Python 3.10 or higher
CUDA-compatible GPU(s) (tested on RTX A6000, A100, H100)
NeMo Framework container (recommended)

Recommended Requirements

Python 3.12
PyTorch 2.7
CUDA 12.9
Ubuntu 24.04

Use pip

For quick exploration of NeMo Eval, we recommend installing our pip package:

pip install torch==2.7.0 setuptools pybind11 wheel_stub  # Required for TE
pip install --no-build-isolation nemo-eval

Use Docker

For optimal performance and user experience, use the latest version of the NeMo Framework container. Please fetch the most recent $TAG and run the following command to start a container:

docker run --rm -it -w /workdir -v $(pwd):/workdir \
  --entrypoint bash \
  --gpus all \
  nvcr.io/nvidia/nemo:${TAG}

Use uv

To install NeMo Eval with uv, please refer to our Contribution guide.

🚀 Quick Start

1. Deploy a Model

from nemo_eval.api import deploy

# Deploy a NeMo checkpoint
deploy(
    nemo_checkpoint="/path/to/your/checkpoint",
    serving_backend="pytriton",  # or "ray"
    server_port=8080,
    num_gpus=1,
    max_input_len=4096,
    max_batch_size=8
)

2. Evaluate the Model

from nvidia_eval_commons.core.evaluate import evaluate
from nvidia_eval_commons.api.api_dataclasses import ApiEndpoint, EvaluationConfig, EvaluationTarget

# Configure evaluation
api_endpoint = ApiEndpoint(
    url="http://0.0.0.0:8080/v1/completions/",
    model_id="megatron_model"
)
target = EvaluationTarget(api_endpoint=api_endpoint)
config = EvaluationConfig(type="gsm8k", output_dir="results")

# Run evaluation
results = evaluate(target_cfg=target, eval_cfg=config)
print(results)

📊 Support Matrix

Checkpoint Type	Inference Backend	Deployment Server	Evaluation Harnesses Supported
NeMo FW checkpoint via Megatron Core backend	Megatron Core in-framework inference engine	PyTriton (single and multi node model parallelism), Ray (single node model parallelism with multi instance evals)	lm-evaluation-harness, simple-evals, BigCode, BFCL, safety-harness, garak

🏗️ Architecture

Core Components

1. Deployment Layer

PyTriton Backend: Provides high-performance inference through the NVIDIA Triton Inference Server, with OpenAI API compatibility via a FastAPI interface.
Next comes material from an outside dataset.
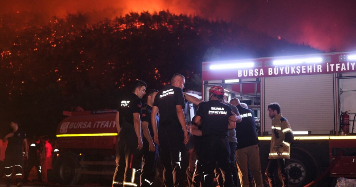 Κατά τη διάρκεια της νύχτας, οι φωτιές στα δασωμένα βουνά που περιβάλλουν την Προύσα, στη βορειοδυτική Τουρκία, εξαπλώθηκαν ραγδαία, βάφοντας τον νυχτερινό ουρανό στα ανατολικά προάστια της πόλης με κόκκινες αποχρώσεις. Δεκάδες σοβαρές πυρκαγιές πλήττουν τη χώρα καθημερινά από τα τέλη Ιουνίου, με την κυβέρνηση να κηρύσσει την Παρασκευή τις δυτικές επαρχίες της Σμύρνης και του Μπιλέτζικ σε κατάσταση έκτακτης ανάγκης.

Supports model parallelism across single-node and multi-node configurations. Note: Multi-instance evaluation is not supported.
Ray Backend: Enables multi-instance evaluation with model parallelism on a single node using Ray Serve, while maintaining OpenAI API compatibility. Multi-node support is coming soon.

2. Evaluation Layer

NVIDIA Eval Factory: Provides standardized benchmark evaluations using packages from NVIDIA Eval Factory, bundled in the NeMo Framework container. The lm-evaluation-harness is pre-installed by default, and additional tools listed in the support matrix can be added as needed. For more information, see the documentation.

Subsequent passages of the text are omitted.